On 2013-05-30 12:11, j s wrote:
On Wed, May 29, 2013 at 11:14 PM, [email protected] wrote:
"j s" wrote:
On 28.05.2013 22:07, Matthew Woehlke wrote:
Is there a built-in way to write a string to a file (a la FILE(WRITE))
that will only write the file if the content would be different? (Or
does FILE(WRITE) already work this way despite no obvious hint in the
documentation that it does?)

You can always use the rsync command, which is available for all
systems, including Windows.

That's probably the worst possible solution... CMake has everything that iy
required to accomplish this built-in, so adding a unnecessary dependency
that is only needed by the build system is a really bad idea...

You are entitled to your opinion, but there are several system
utilities that are available by default on many systems, including
rsync.

Really? I have yet to encounter a Windows system that has rsync "by default". (For that matter, even on Linux it is not required, and I wouldn't put a lot of faith in finding it on a 'stock' non-Linux/BSD UNIX platform.)

Besides, using rsync for a single file where cmake -E copy_if_different (or even configure_file as elsewhere mentioned) is clearly overkill. Not to mention that rsync is not guaranteed to be present even on UNIX systems, much less Windows, whereas CMake is already being used.

The way CMake does things is often kludgy and just feels wrong.  I
often write scripts in more effective languages and then run from
within CMake on Windows, Linux, and Mac OS X.  Perl and Python are
often a much better way to go than trying to do everything in CMake.

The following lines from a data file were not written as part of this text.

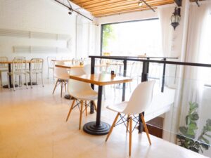 - スペースC:少人数でのワークショップに最適な、アットホームな雰囲気のカフェです。
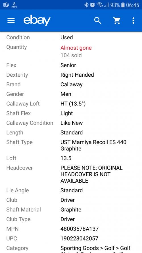 Recoil 440 ES F1 (44g)이 여성용인데, 만약 F2(46g) 라면 시니어용은 스윙스피드 70 MPH 이상 또는 드라이버 캐리가 175 야드 나갈 경우가 권장사항이라 사용 가능할 것도 같습니다.
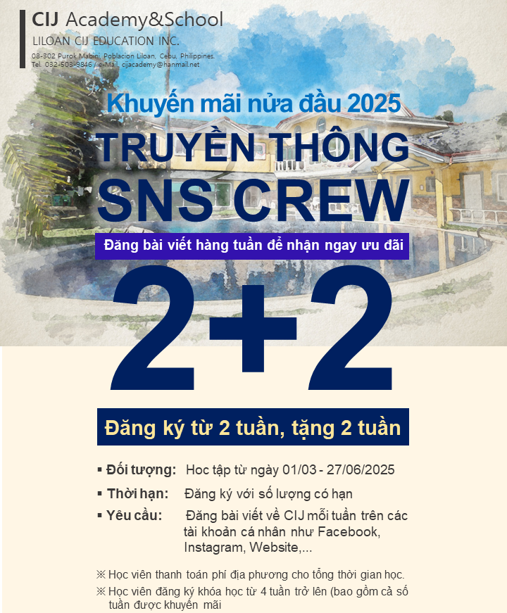 Điều kiện : Đăng bài trên các tài khoản SNS và trên trang truyền thông của công ty sau khi hoàn thành việc viết bài đánh giá trường CIJ theo tiêu chuẩn trước khi kết thúc khóa (Học viên cần đóng thêm 2.000 peso tiền đặt cọc, số tiền này sẽ được trả lại sau khi hoàn thành đánh giá đào tạo)
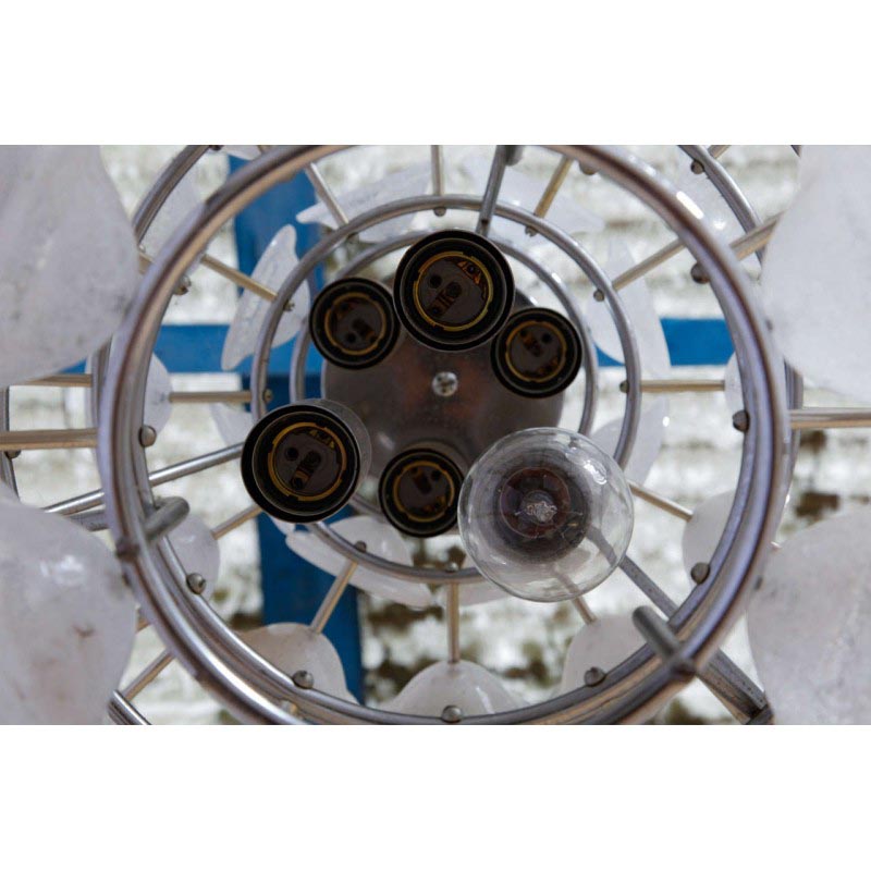 Amazing and rare Italian Murano chandelier, early 1960's composed of hand blown Murano glass. Each ice disc is crafted with much care and precision and flows gorgeously around and down the figure from top to bottom. What makes this piece stand out is its wonderfully balanced shape, vibrant and so full of life. This piece is truly a head turner with its detailed artwork. It’s available in other mixtures of colors, whatever works best for you! Finally, the lamp is equipped with a long cable that is adjustable up to 12 feet to ensure just the right placement of this unique and compliment accompanying fixture. Let this bring the optimum amount of magical charm and contemporary elegance in you seeking in a chandelier to be cherished, here and now and forever more.
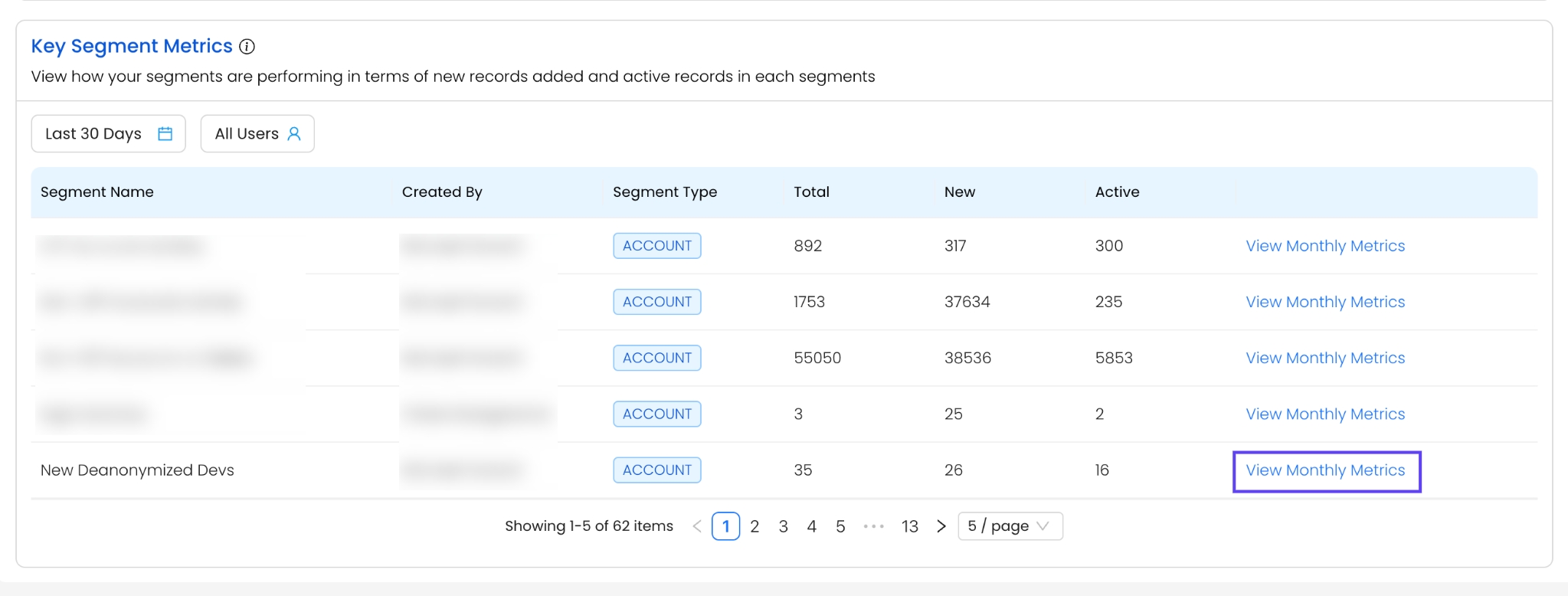 Find your segment and click View Monthly Metrics for a month-over-month breakdown of new additions.

Sure, and where a) it makes sense and b) I *already require the relevant tools for other reasons*, I do also. But I try to avoid it, because these dependencies are usually NOT present on Windows, especially for end users that want to build from a tarball. (Which is why, when I wrote test discovery for gtest, I did it in pure CMake. It may not be the easiest/cleanest, but I strongly prefer to avoid large external dependencies without much stronger motivation for needing them.)